WHAT THE TASK ASKS: Beginning with the line in which "Tittar vi på" appears, transcribe each line word for word until the records end. Do not include pictures.

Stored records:
▶

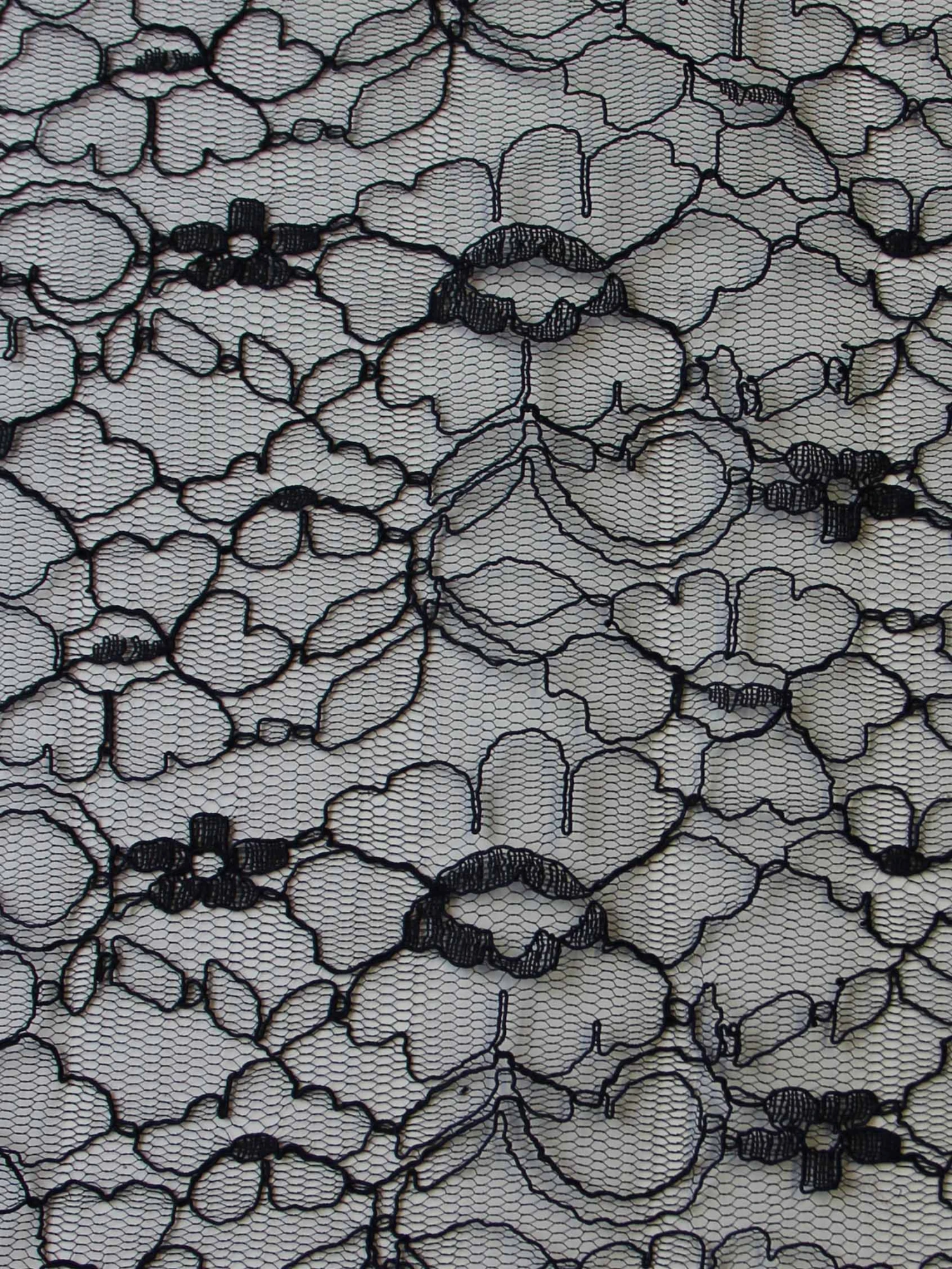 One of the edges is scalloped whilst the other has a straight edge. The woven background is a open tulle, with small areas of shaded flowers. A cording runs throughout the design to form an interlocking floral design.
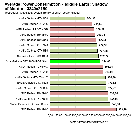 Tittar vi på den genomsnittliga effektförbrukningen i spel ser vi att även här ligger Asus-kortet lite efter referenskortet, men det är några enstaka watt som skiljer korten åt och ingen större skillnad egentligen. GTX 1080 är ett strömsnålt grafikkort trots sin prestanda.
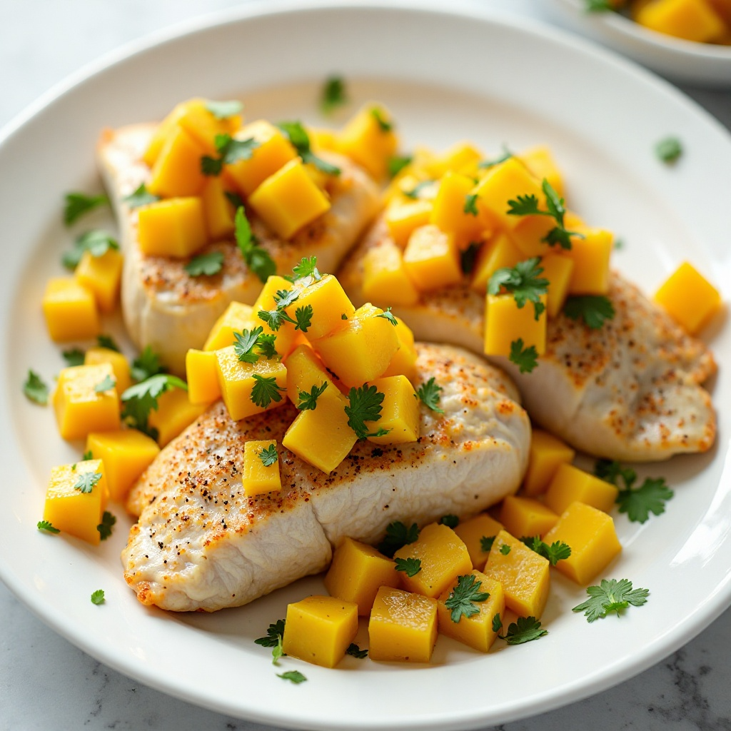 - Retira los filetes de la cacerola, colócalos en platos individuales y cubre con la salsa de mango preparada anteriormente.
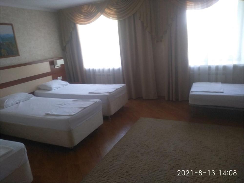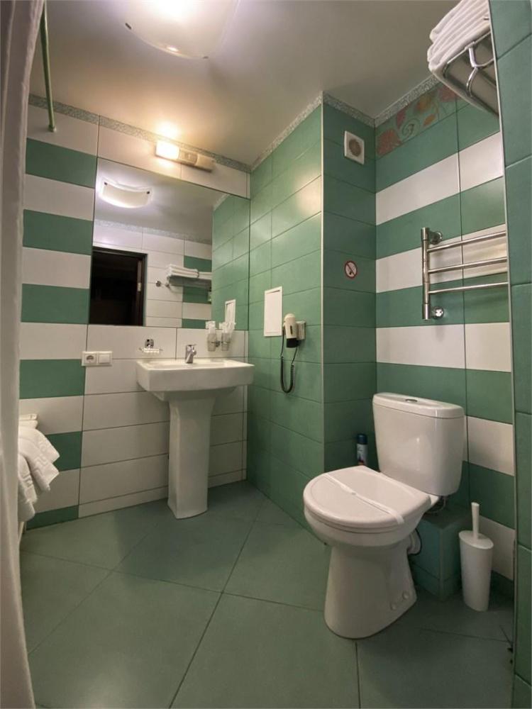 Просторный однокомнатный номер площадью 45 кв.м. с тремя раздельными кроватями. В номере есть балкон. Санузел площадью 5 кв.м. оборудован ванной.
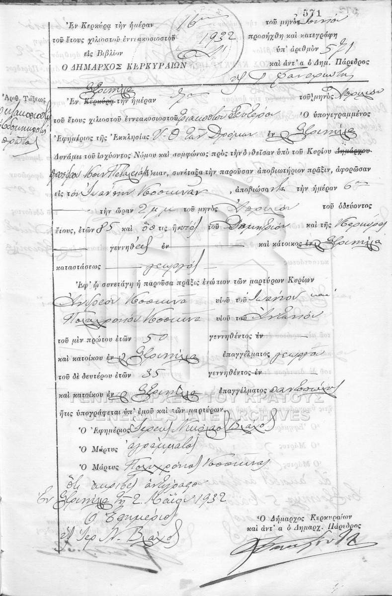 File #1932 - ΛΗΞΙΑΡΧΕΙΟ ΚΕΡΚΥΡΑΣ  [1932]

◀

OUTPUT:
 Tittar vi på den genomsnittliga effektförbrukningen i spel ser vi att även här ligger Asus-kortet lite efter referenskortet, men det är några enstaka watt som skiljer korten åt och ingen större skillnad egentligen. GTX 1080 är ett strömsnålt grafikkort trots sin prestanda.
 - Retira los filetes de la cacerola, colócalos en platos individuales y cubre con la salsa de mango preparada anteriormente.
 Просторный однокомнатный номер площадью 45 кв.м. с тремя раздельными кроватями. В номере есть балкон. Санузел площадью 5 кв.м. оборудован ванной.
 File #1932 - ΛΗΞΙΑΡΧΕΙΟ ΚΕΡΚΥΡΑΣ  [1932]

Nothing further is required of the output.